NXP/isochron

Missing HW and SW timestamps

Opened this issue · 8 comments

SPYFF commented

Hi! Just a generic question, not necessarily to the isochron. When I run the software with smaller and smaller cycle times, like two or one digit usec, more and more missing timestamps reported. Is there something I can tune or this is an expected behavior? Is it possible to increase the buffersize of the MSG_ERRQUEUE or thats irrelevant for this problem? I use Intel i225 (igc driver) by the way.

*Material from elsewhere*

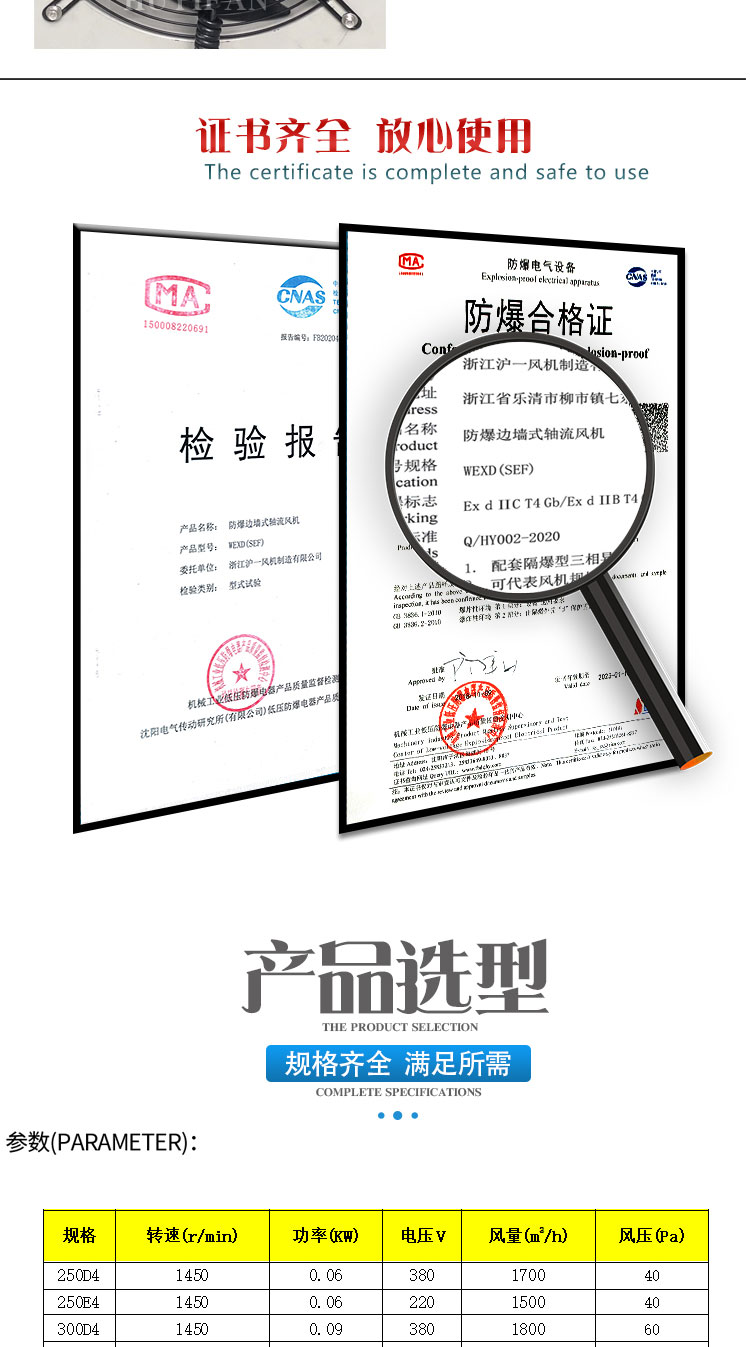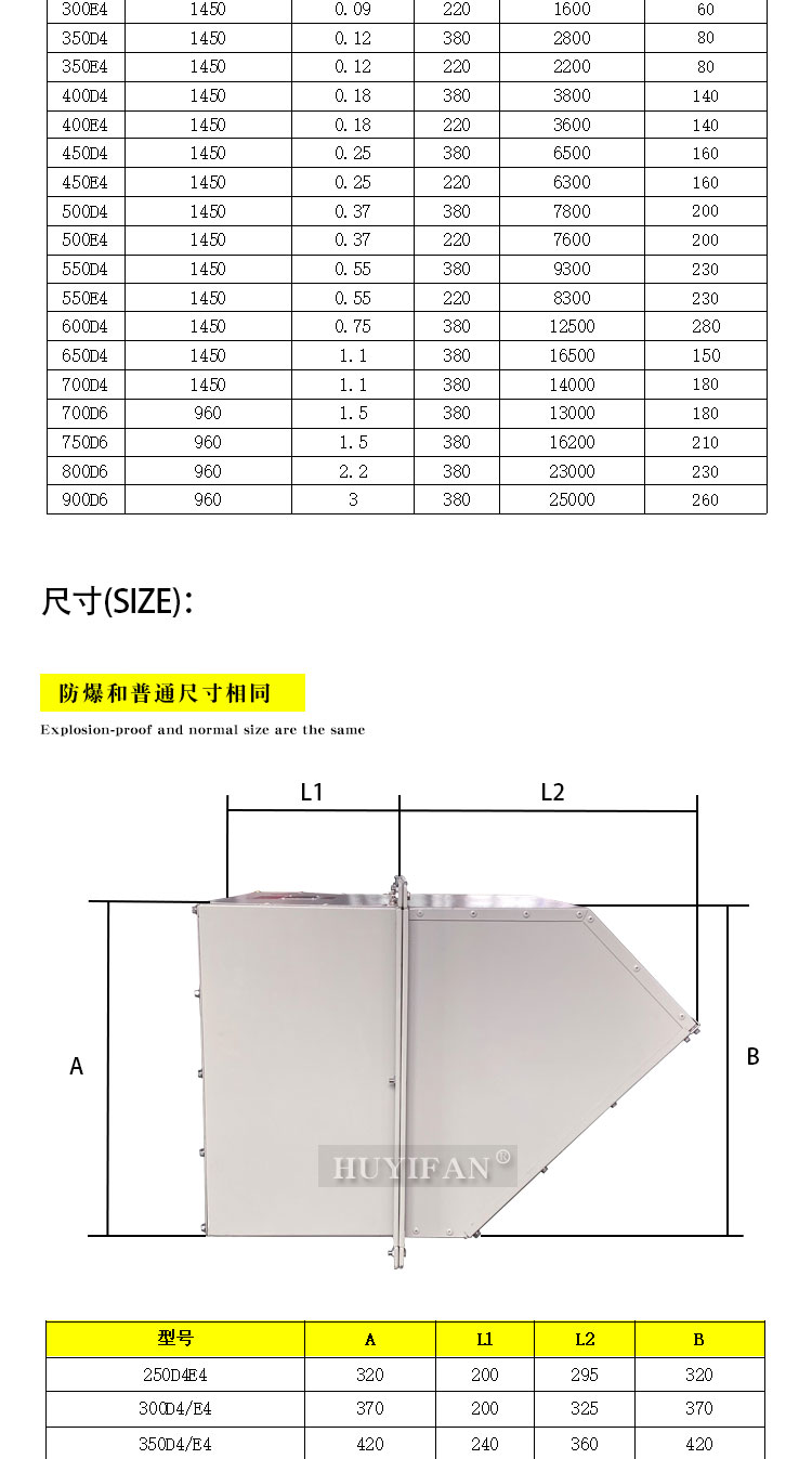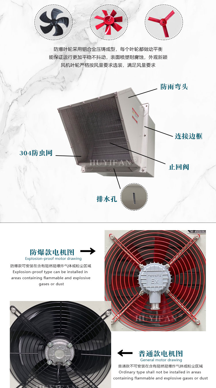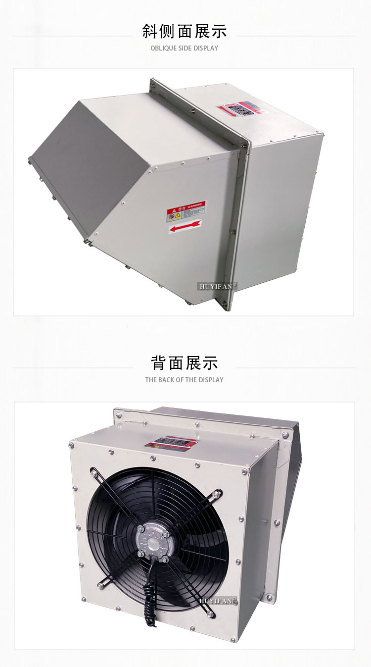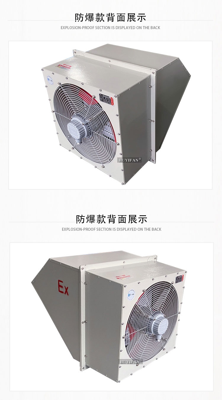 方形壁式风机220VWEXD防爆边墙轴流风机(以下简称防爆风机)是WEX的派生产品,其防爆性能符合GB3836.1-2010 ;lt;爆炸性环境第1部分:设备通用要求》、GB3836.2-2010 《爆炸性环境第2部分:由隔爆外壳“d"保护的设备》的规定,制成隔爆型,防爆标志为“Exd Ⅱ BT4 Gb"

The isochron report shows strange zero timestamps for those seqids:

5477 1657634261.805760775 1657634261.850920957 1657634261.850922060 0.000000000 1657634261.850929143 1657634261.850969224
5478 1657634261.805760780 1657634261.850926407 1657634261.850927447 0.000000000 1657634261.850934596 1657634261.850969270
5479 1657634261.805760785 1657634261.850931946 1657634261.850932950 1657634261.850940063 1657634261.850940100 1657634261.850969319
5480 1657634261.805760790 1657634261.850937442 1657634261.850939053 0.000000000 1657634261.850946321 1657634261.850969364
5481 1657634261.805760795 1657634261.850943630 1657634261.850945347 1657634261.850952424 1657634261.850952465 1657634261.850969409
5482 1657634261.805760800 1657634261.850949799 1657634261.850952194 0.000000000 1657634261.850959300 1657634261.850969456

For larger cycle times, I get all of the timestamps (rx: sw, hw, tx: sw, hw)

SPYFF commented

For example the following command by default gives almost 50% hw timestamp loss.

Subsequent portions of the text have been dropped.